Supplied information:
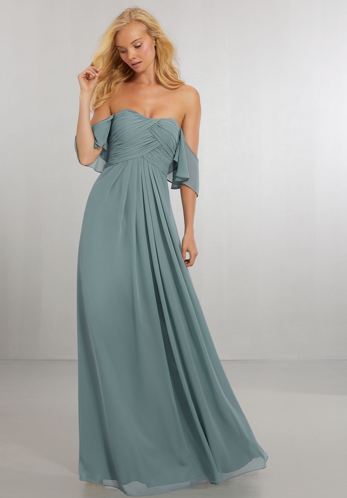 This chiffon bridesmaid gown features a softly draped A-line silhouette and a flattering scooped neckline. Flounced off-the-shoulder straps add a playful, romantic touch, while the scoop back with zipper closure completes the look.
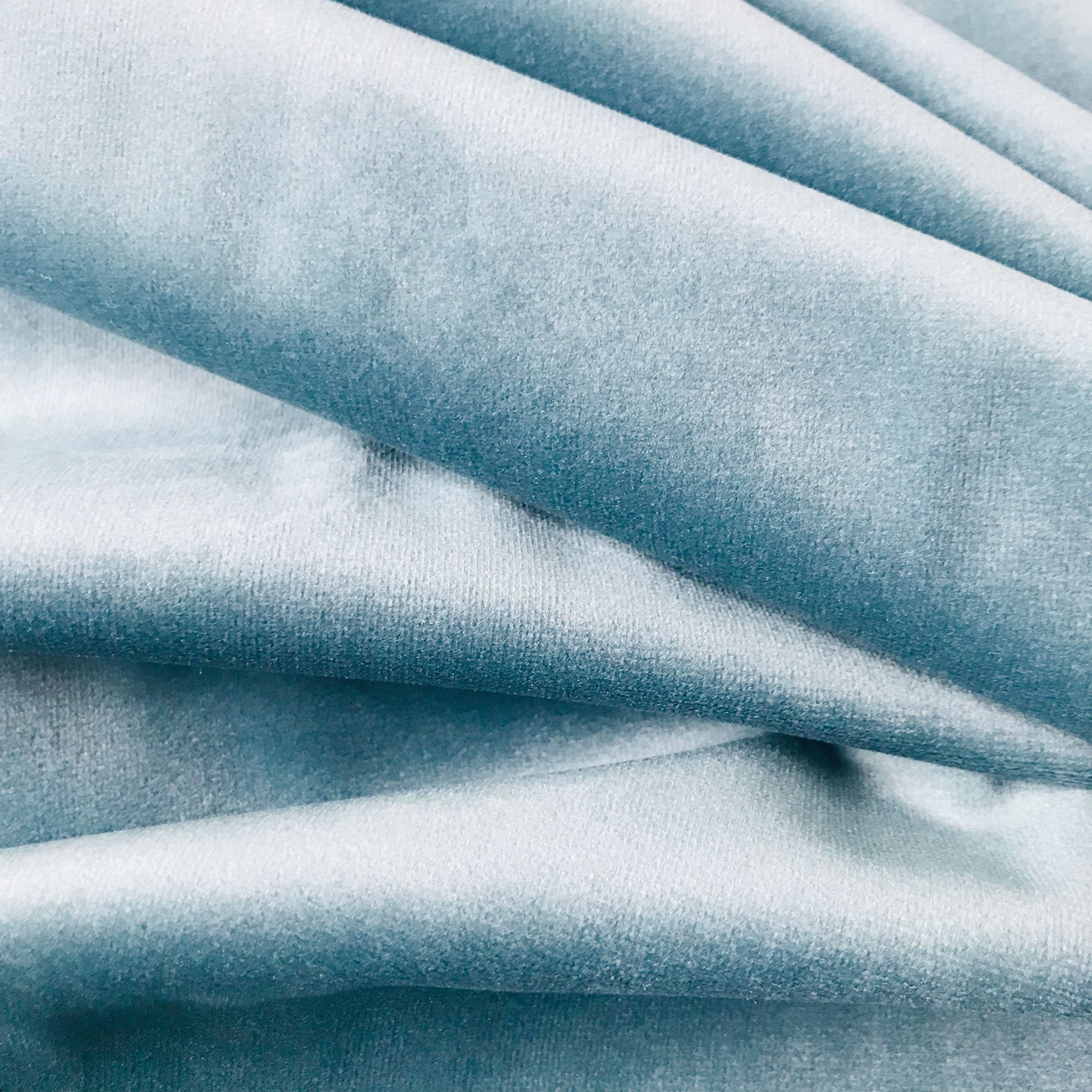 Adorn any interior with this Light Blue Contemporary Solid Velvet Upholstery Fabric 54", perfect for arts and crafts, DIY, upholstery, home decorating, and more. Give your bedding, chairs, cushions, windows and more a fresh new look with our selection of high quality fabrics curated by a team of trend leading designers. This luxurious solid velvet upholstery fabric in light blue meets flair with versatility, offering the perfect personal touch for any contemporary aesthetic. Designed and crafted by skilled textile artisans this fabric is made to last and never compromises on quality. All fabric is sold by the yard in 1-yard increments. Unfortunately, we do not accept returns on fabric orders but swatches are available.
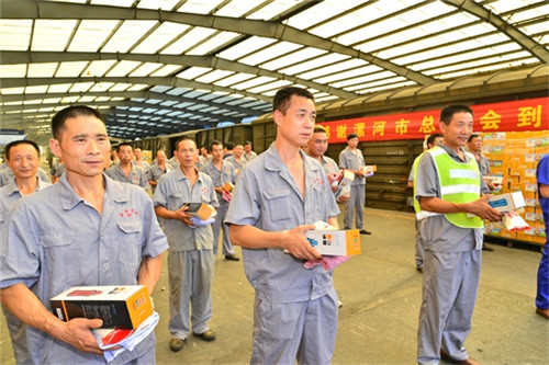 7月24日上午,烈日當(dāng)頭,漯河市總工會黨組書記、常務(wù)副主席吳花蕾,市總工會副主席張煒一行在雙匯集團(tuán)工會主席劉清德陪同下來到雙匯儲運公司慰問一線員工,為他們送去了飲水杯、毛巾、白糖、葡萄糖飲料等防暑用品,炎炎夏日里給廣大員工送去絲絲清涼。
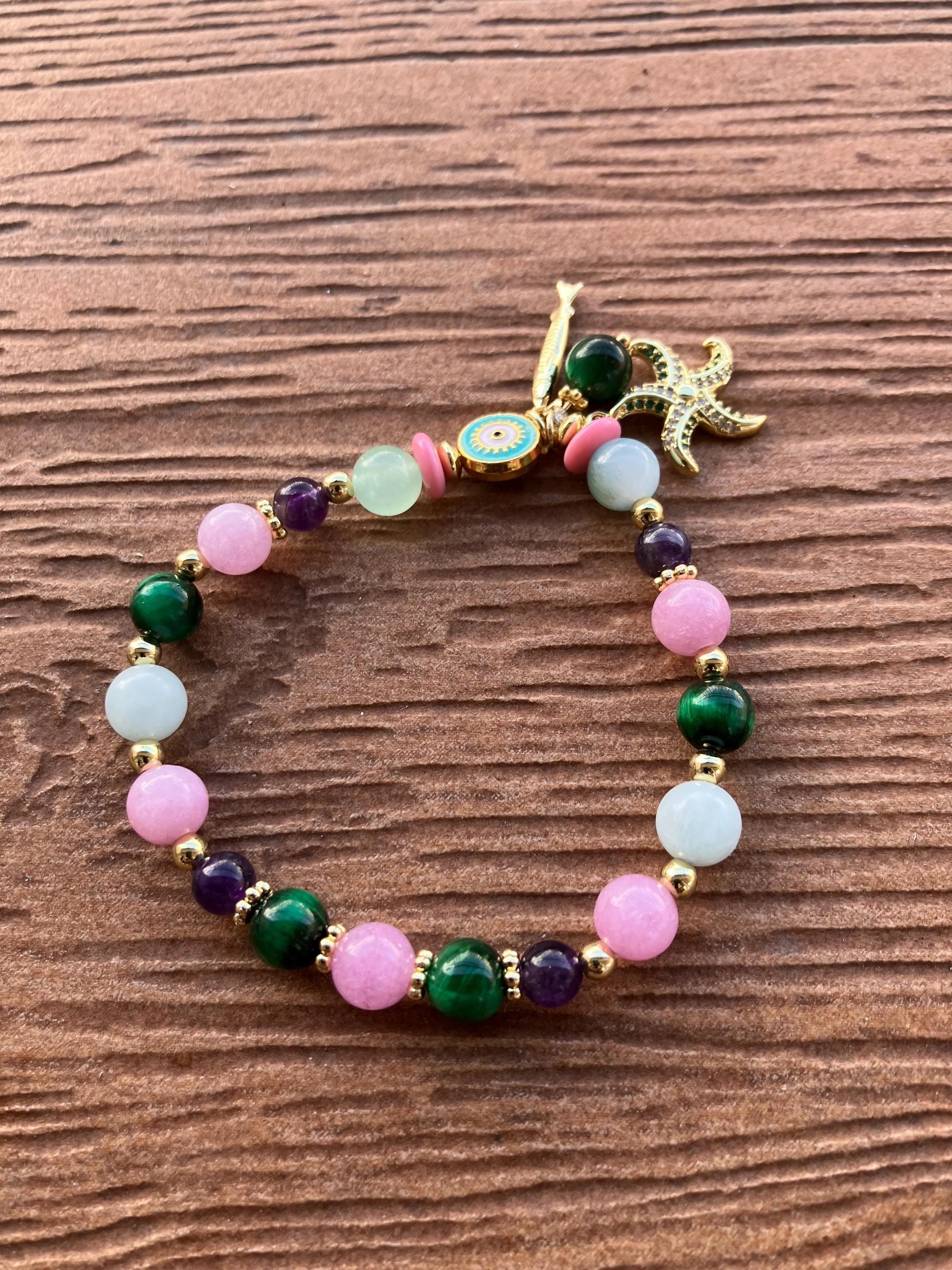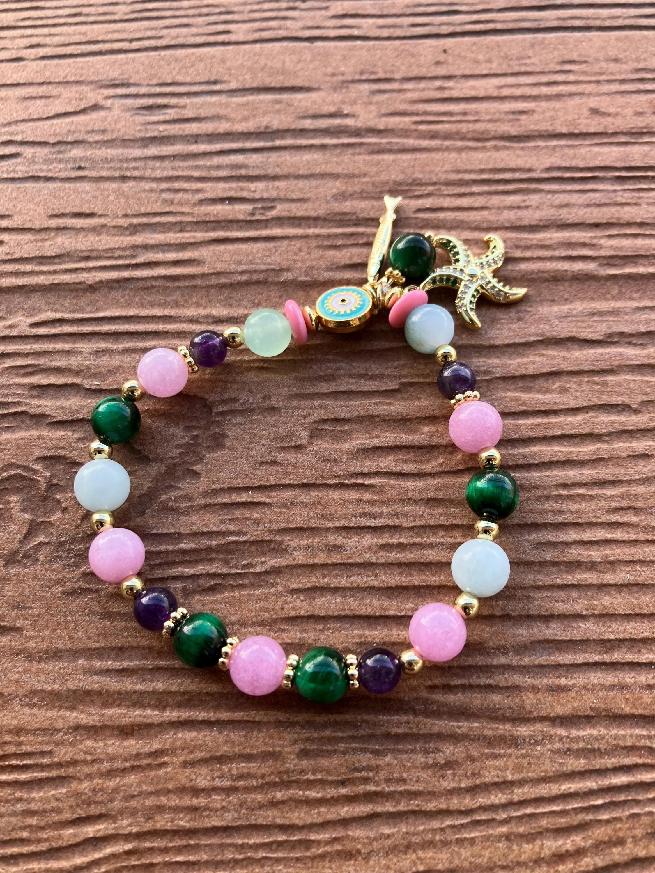 Bracelet coloré chic de pierres semi précieuses malachite, Aquamarine, améthyste, calcédoine et ses Charms de la mer en plaqué or

What to produce: The expected output is the full data above, reproduced exactly with no images.

Response area:
 This chiffon bridesmaid gown features a softly draped A-line silhouette and a flattering scooped neckline. Flounced off-the-shoulder straps add a playful, romantic touch, while the scoop back with zipper closure completes the look.
 Adorn any interior with this Light Blue Contemporary Solid Velvet Upholstery Fabric 54", perfect for arts and crafts, DIY, upholstery, home decorating, and more. Give your bedding, chairs, cushions, windows and more a fresh new look with our selection of high quality fabrics curated by a team of trend leading designers. This luxurious solid velvet upholstery fabric in light blue meets flair with versatility, offering the perfect personal touch for any contemporary aesthetic. Designed and crafted by skilled textile artisans this fabric is made to last and never compromises on quality. All fabric is sold by the yard in 1-yard increments. Unfortunately, we do not accept returns on fabric orders but swatches are available.
 7月24日上午,烈日當(dāng)頭,漯河市總工會黨組書記、常務(wù)副主席吳花蕾,市總工會副主席張煒一行在雙匯集團(tuán)工會主席劉清德陪同下來到雙匯儲運公司慰問一線員工,為他們送去了飲水杯、毛巾、白糖、葡萄糖飲料等防暑用品,炎炎夏日里給廣大員工送去絲絲清涼。
 Bracelet coloré chic de pierres semi précieuses malachite, Aquamarine, améthyste, calcédoine et ses Charms de la mer en plaqué or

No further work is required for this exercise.